COVID-19: Close to 20,000 People Forcefully Evicted from their Homes During the Lockdown
With the threat of the COVID-19 pandemic still looming large, people across the world are being advised to stay home. However, how does one without a home do so? Over 14.9 million people across India currently face the threat of eviction and displacement as a result of infrastructure and environmental projects, disaster management efforts and ‘city-beautification/slum-clearance’ drives. A report released by the Housing and Land Rights Network (HLRN) on August 18 documented this crisis.
India has no official data on the state of evictions. The report elaborated on how the pandemic was used to evict people from their houses on the pretext of infrastructural projects and beautification, among other reasons. The report mentions that despite the widespread prevalence of the pandemic and the high number of COVID-19 cases in India, 20,000 people were evicted during the pandemic (between March 16 and July 31, 2020). This was done with the Indian government ignoring directives issued by the World Health Organization, as well as a guidance note by the UN Special Rapporteur on Adequate Housing which prohibited evictions during the pandemic.
Shivani Chaudhry, HLRN’s executive director told Reuters, “Many of these evictions were likely carried out during the lockdown to take advantage of the curfew-like conditions, when movement of affected persons was restricted and they did not have access to legal remedies, this is indefensible.
Evictions continue even as the government’s Housing for All plan, which aims to create 20 million urban homes and 30 million rural homes by 2022, is failing to address the issue.

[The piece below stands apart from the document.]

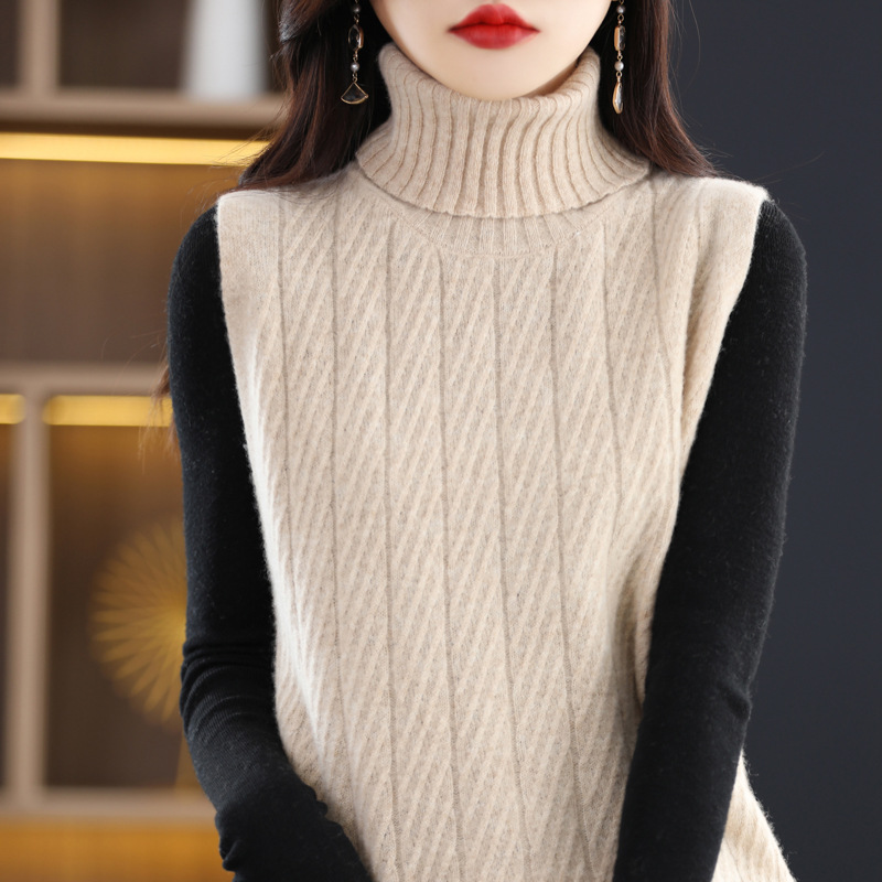 ベストの女性は秋冬の新作の高襟を着て、袖なしの上着を厚くして、ゆったりとしていて、痩せているセーターのカーディガンを着ています。

HLRN data showed that from 2017 to 2019, Central and state government authorities forcefully evicted a minimum of 5,68,000 (over 5.6 lakh) people and demolished over 1,17,770 houses across urban and rural India. State authorities destroyed at least 108 houses on an average daily, evicting about 519 people every day or 22 people each hour.
“While the above figures are alarming, they are a conservative estimate and present just a part of the real picture, as they only reflect cases known to HLRN. The total number of people evicted and displaced in India as well as those under risk of eviction, therefore, is likely to be much higher than documented,” the organisation said in a press release.
“Evictions were carried out for a range of reasons and under various guises, including: ‘slum clearance/encroachment-removal/city-beautification’ drives (46 per cent of affected people); infrastructure and ostensible ‘development’ projects (27 per cent); environmental projects, forest protection, and wildlife conservation (17 per cent); ‘disaster management’ efforts (seven per cent); and other reasons such as political rallies (three percent of the total affected population),” the release said.
Resettlement was provided in only about 26% of the documented cases of eviction in 2019. “In the absence of resettlement for the vast majority, affected persons have had to make their own provisions for alternative housing or have been rendered homeless,” HLRN said.
Recently, 600 families of domestic workers and construction workers who were living in shanties in Gurugram, were rendered homeless as their houses were razed for the alleged construction of a biodiversity park in the region. No compensation, notice or rehabilitation was given to them.
Given the pandemic, activists have called on state governments to impose an immediate moratorium on evictions or provide adequate alternative housing with basic facilities within a vicinity of two to three kilometres.